Он торжествовал, как торжествует премированный литератор, обладающий той счастливой степенью бездарности, когда после получения премии он уже никаких сомнений в своей талантливости не испытывает и сыпет эпопеями на полную катушку для пользы родины и человечества.
Я медленно спустился в шикарную каюту с двумя кроватями и полутораметровой «Аленушкой», раздумывая о том, что вот первый раз в жизни мне повезло и я встретил великого человека. Ибо только великий человек способен строго и непреклонно десятилетиями следовать в практике за своей философией, за собственными предсказаниями. Абсолютное большинство людей на словах и в мыслях умеют далеко и точно предсказывать, но поступают не так, как это их собственное точное предсказание требует, а по воле обстоятельств и сторонних мнений, а Пескарев всю жизнь за собой следил замечательно, и его философия всегда была в стальном единении с поведением, начиная с того момента, как он перекрестился из Электрона в Елпидифора с легкой руки Старца на зверобойной шхуне «Тюлень». И во мне даже скользнула какая-то радость и гордость по поводу открытия мною совершенно нового типа – «квазидурака». Радость и гордость, правда, немного омрачались тревогой, как у тех ученых, которые открыли реакцию синтеза и заглянули в водородную бомбу, – они ведь и обрадовались, и испугались.

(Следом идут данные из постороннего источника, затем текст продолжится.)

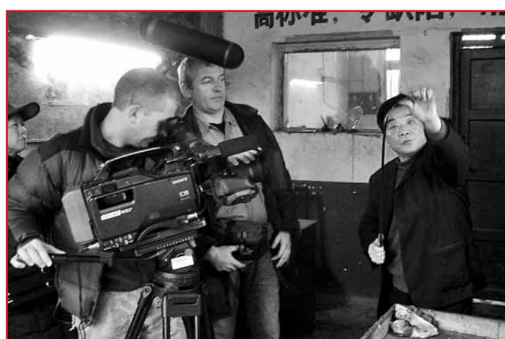
■德國電視台拍攝棠溪寶劍

創業者在研製開發新產品時，多以重大歷史事件為切入點。和平劍的劍條、劍架、底座構成一張形象的鐵甲，把古代化劍為犁的故事和人們嚮往永久和平的願望有機地結合起來，使人由犁想到了耕作，美麗的田園和安居的生活。天中劍的劍架是奔馬的造型，人們由奔馬想到駐馬店（古為傳送公文的驛站）進而想到崛起的天中象奔馳的駿馬奔向和諧、發展的未來。成功劍的劍架為萬里長城的造型，寓意眾志成城的13億人民托起成功的強國之夢。港澳回歸劍圍繞紀念香港、澳門回歸，表達愛國主義的主旨，分別使用了歷史四大發明，虎門銷煙，區徽紫荊花、蓮花等文化元素，並分別融入了1842、1997、1999長度、重量等技術參數，主題突出，個性鮮明。奧運劍以更高更快更強的理念和人類和諧相處的思想，使用了奧運會發祥地奧林匹亞、北京舉辦地的天壇、和平鐘、五環等文化元素。棠溪寶劍過硬的內在質量，獨特的創意、新穎的造型、豐富的文化內涵，精湛的手工藝，共同構建了完美的藝術品位。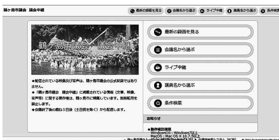
議会インターネット配信の画面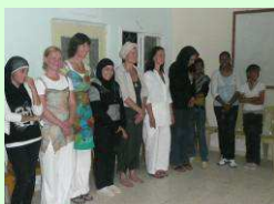
Come Together Party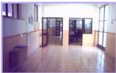
FIGURE DI RIFERIMENTO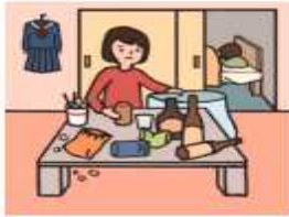
アルコール・薬物・ギャンブル問題を抱える家族に対応している

В каюте я хлебнул глоточек бренди, запил холодным кофе и долго смотрел на Аленушку. После саморазоблачительной исповеди Елпидифора лютый тигр, лакающий рядом с Аленушкой из водоема воду, уже не уравновешивал ее стерильности. И я воткнул с другой стороны Аленушки сексуальную красотку из журнала «Париматч». Красотка застегивала лямки парашюта на груди, пропустив их предварительно между ног и приподняв ими черную юбочку до дух захватывающего уровня.
Полюбовавшись на эту троицу, я лег спать и, как сказал мне сосед-доктор, разбудивший меня на рассвете, всю ночь орал дурным голосом.
А что мне еще, черт возьми, оставалось делать?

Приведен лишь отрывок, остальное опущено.